RobotAnalyst is a new tool that builds upon state of the art text mining technologies, including topic modelling and feedback-based text classification models, to minimise the human workload involved in the study identification phase.


13th July 2017

NaCTeM is organising two workshops at the Global Evidence Summit, to be held in Cape Town, South Africa from 13th - 16th Sept 2017. The workshops will be entitled RobotAnalyst: an online system to support citation screening in evidence reviewing and Screening evidence for systematic reviews using a text mining system: the RobotAnalyst

12th July 2017

John McNaught gave a talk at the Text and Data Mining Symposium, held at the University of Cambridge on Wednesday 12th July 2017.

22nd June 2017

Prof. Sophia Ananiadou gave an invited talk at the University of Cambridge on 23rd June 2017, as part of the PulblicHealth@Cambridge series of seminars. The talk was entitled Text mining for public health reviews (The Robot Analyst).

5th October 2016

Prof.
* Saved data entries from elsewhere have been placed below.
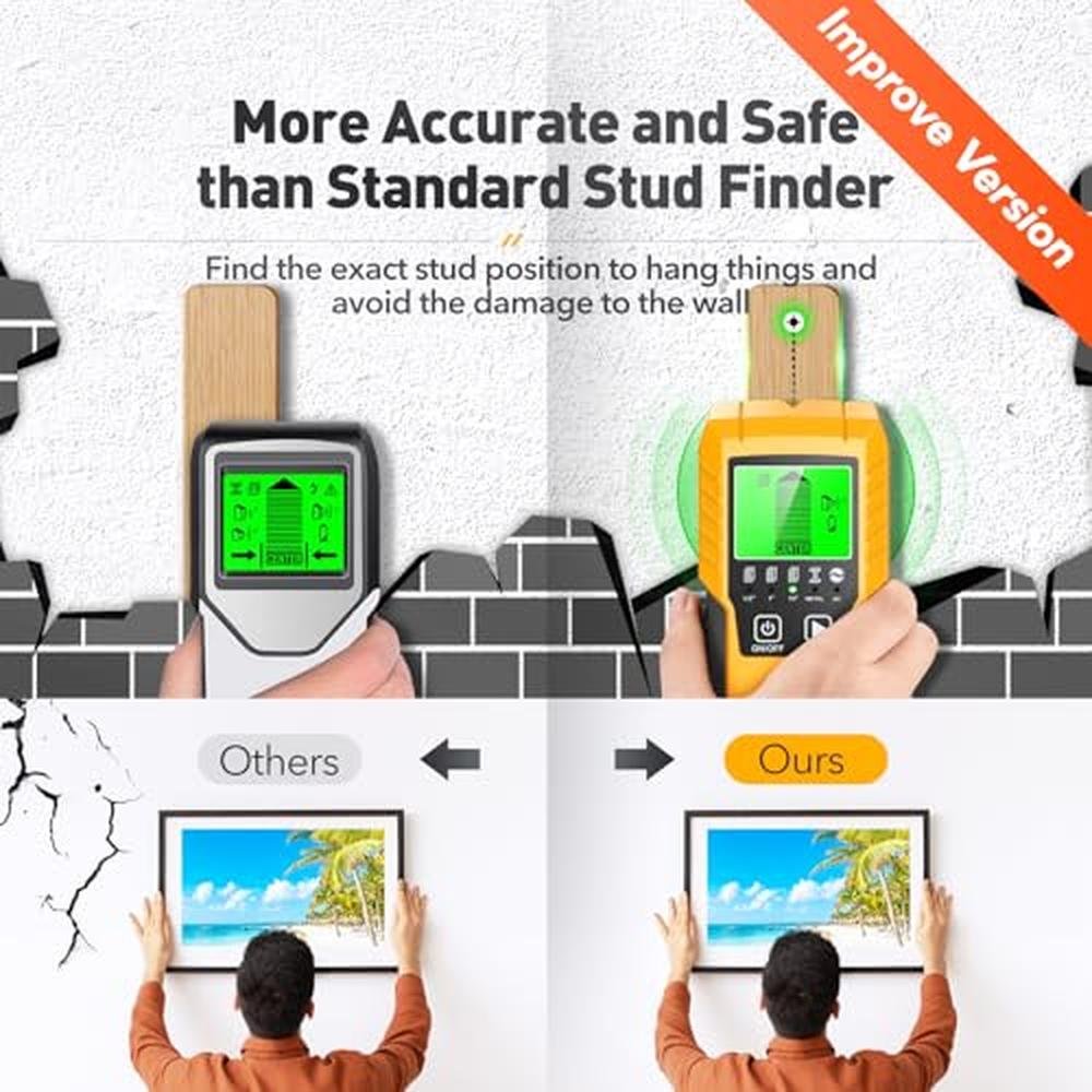Experience the ultimate stud wall scanning solution with our 5-in-1 Electronic Wall Scanner Detector, designed to simplify construction, renovation, or DIY projects by locating stud wall framing, including wood and metal studs, joists, and lumber. With advanced edge and center sensor technology, you can easily detect live AC wires, pipes, and other objects behind drywall, ensuring safe and accurate drilling. Whether you're a professional contractor or a homeowner, our stud wall finder is the perfect companion for any project, providing precise measurements and saving you time and effort. Say goodbye to guesswork and hello to efficient stud detection. If you're hanging heavy pictures, mirrors, or shelves, you need to know where your wall studs are, because attaching anything heavy to drywall itself could eventually lead to the item crashing to the floor. Our Povlen stud finder can help eliminate some of the frustration and repainting that comes from less modern methods. Which stud finder is best? Are electronic models better than the magnet ones? Answers aren't the same, but some were clearly better than others. Povlen electronic stud finders are more precise at locating studs than magnetic ones. And if you want a stud finder that's accurate and easy to use, your favorite will be the Povlen stud finder's wall scanner. After investigating 25+ of the best stud finders on the market, we tested some models to compare with our Povlen stud finders. We tested them for accuracy, ease of use, and features both in isolated, objective tests, as well as while working on home projects. The results show that Povlen stud finder is a great pick and more accurate and consistent than 95% of stud finders on the market. You can use this Povlen wall stud finder to find wiring, pipes, metal, or wood as deep as 2 inches into drywall or plaster. The LCD and audio alert of this wall scanner let you know when you've identified the center of the stud and let you know if you're near a live wire you might want to avoid. The intuitive interface makes it a dream to operate, and as long as it's properly calibrated, there will be no accuracy issues with the Povlen wall scanner.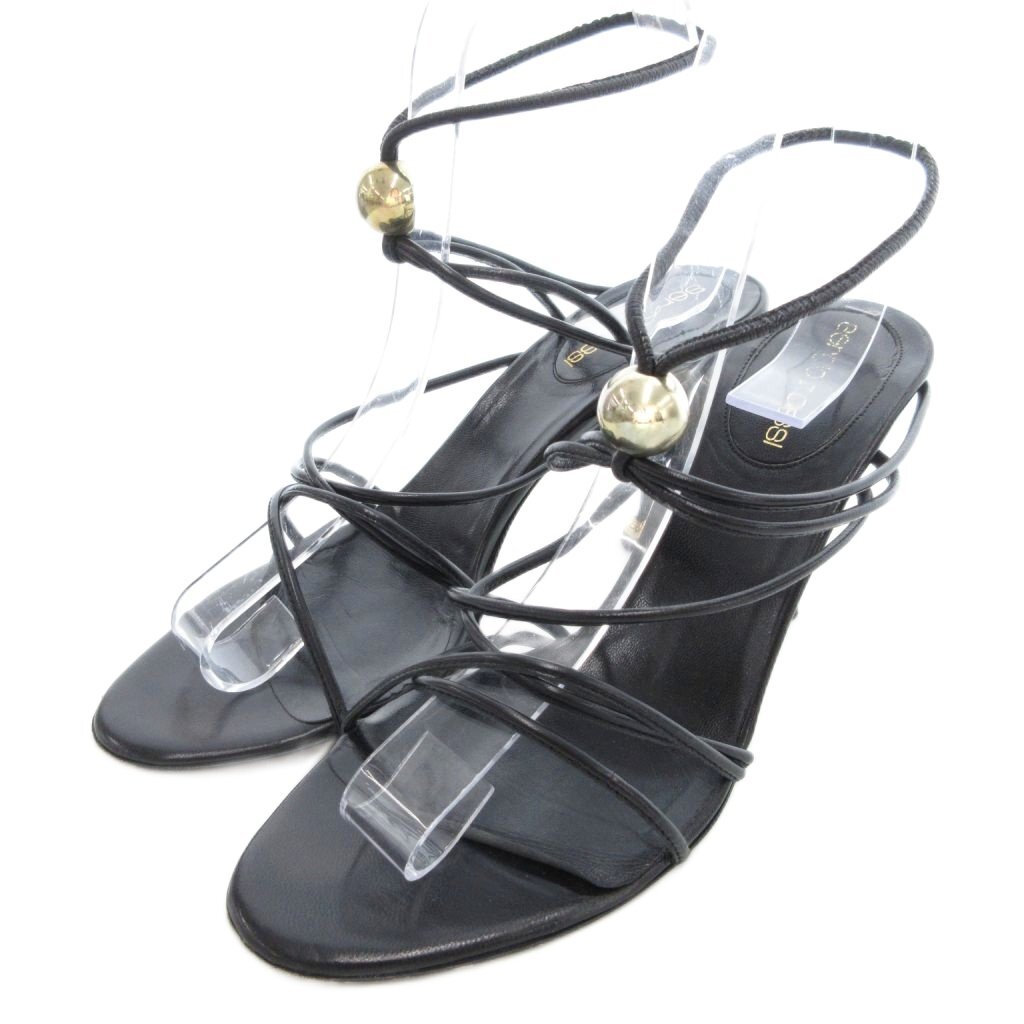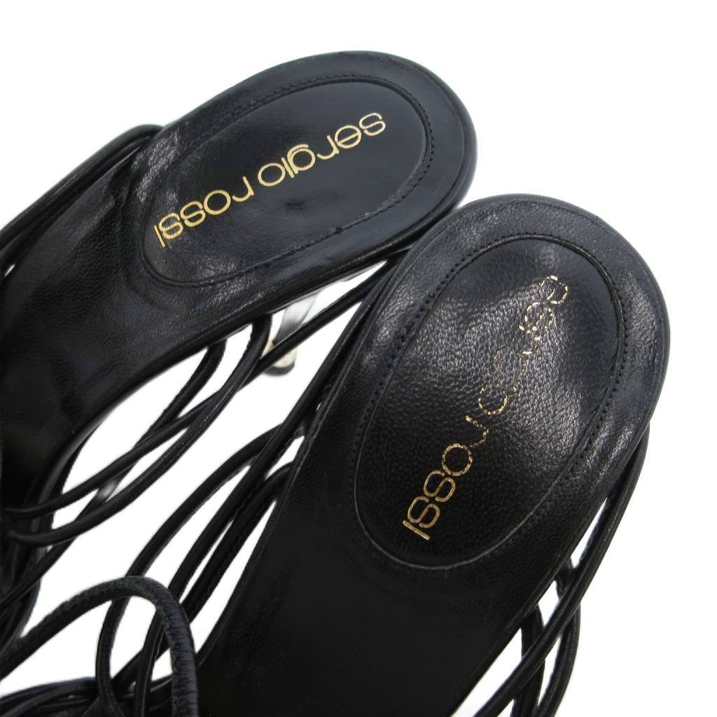 セルジオロッシ Sergio rossi ストラップサンダル 本革 レザー ハイヒール 36 ブラック /UO ■YHS2 レディース
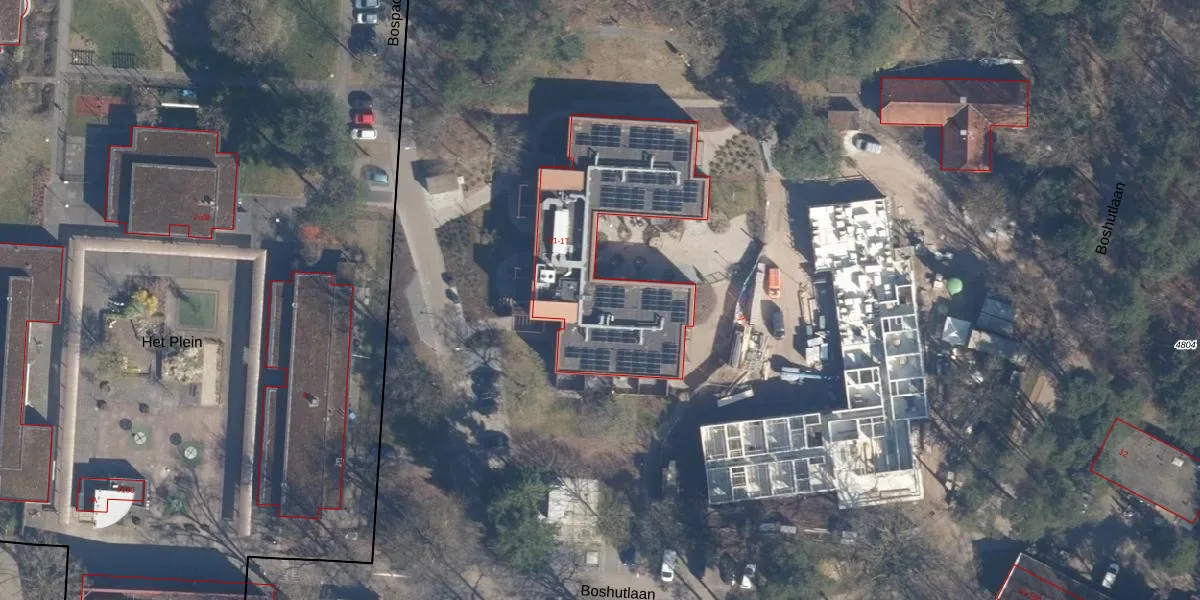 Het perceel waarop Boshutlaan 1-K-1 staat heeft een oppervlakte van 13,0 ha. Dit is een zeer groot perceel. De perceeloppervlakte wordt geregistreerd door het Kadaster. Gedetailleerde informatie over de maten van dit perceel kunt u vinden in het rapport Kadastrale kaart met maatvoering van Boshutlaan 1-K-1.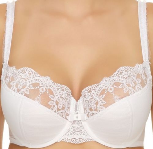 Бюстгальтер Lauma Lingerie арт. 22H41 с полудублированными чашками на каркасах и стане. В основе чашки конструкция из трёх деталей с тройным прямым диагональным членением. Верхняя деталь чашки из вышитого кружева, нижние из эластичного сетчатого полотна с лёгкой драпировкой. Спереди облегчённая конструкция без стана. Боковые детали стана из функционального сетчатого полотна облегчённой конструкции с прямым верхним срезом. Бюстгальтер дополнен атласным бантиком, маленькие бантики на местах соединения чашек с бретелями.

Ananiadou discussed the work carried out on this project during her participation in a panel session entitled Evidence Synthesis - Current Practices and Future Possibilities to be held as part of the IEEE International Conference on Healthcare Informatics (ICHI 2016), in Chicago, IL, USA.

6th June 2016

NaCTeM organised a workshop at the 24th Cochrane Colloquium, Seoul, Korea, to be held from 23rd -27th October 2016. The workshop was entitled Text mining methods to support the development of sensitive search strategies in public health reviews, and was organised in collaboration with the Public Health and Social Care Centre at the National Institute for Health and Care Excellence (NICE).

20th May 2016

The project is mentioned in a new article about text mining and the work of NaCTeM, published in Pharma Technology Focus, a bi-monthly magazine that brings together the latest insights and innovations from across the pharaceutical industry.

3rd October 2015

NaCTeM attended the 23rd Cochrane Colloquium, held in Vienna, Austria from the 3rd - 7th of October 2015 and co-organised a workshop session entitled The present and future use of text mining for study identification on the 5th of October.

Project information

The project is funded by the Medical Research Council for a period of 3 years, starting from 31st March 2014 (Grant No. MR/L01078X/1).

Project team

Prinicpal Investigator: Prof. Sophia Ananiadou (NaCTeM)

Co-Investigators: Mr. John McNaught (NaCTeM), Dr. John Goulermas (MaLDA).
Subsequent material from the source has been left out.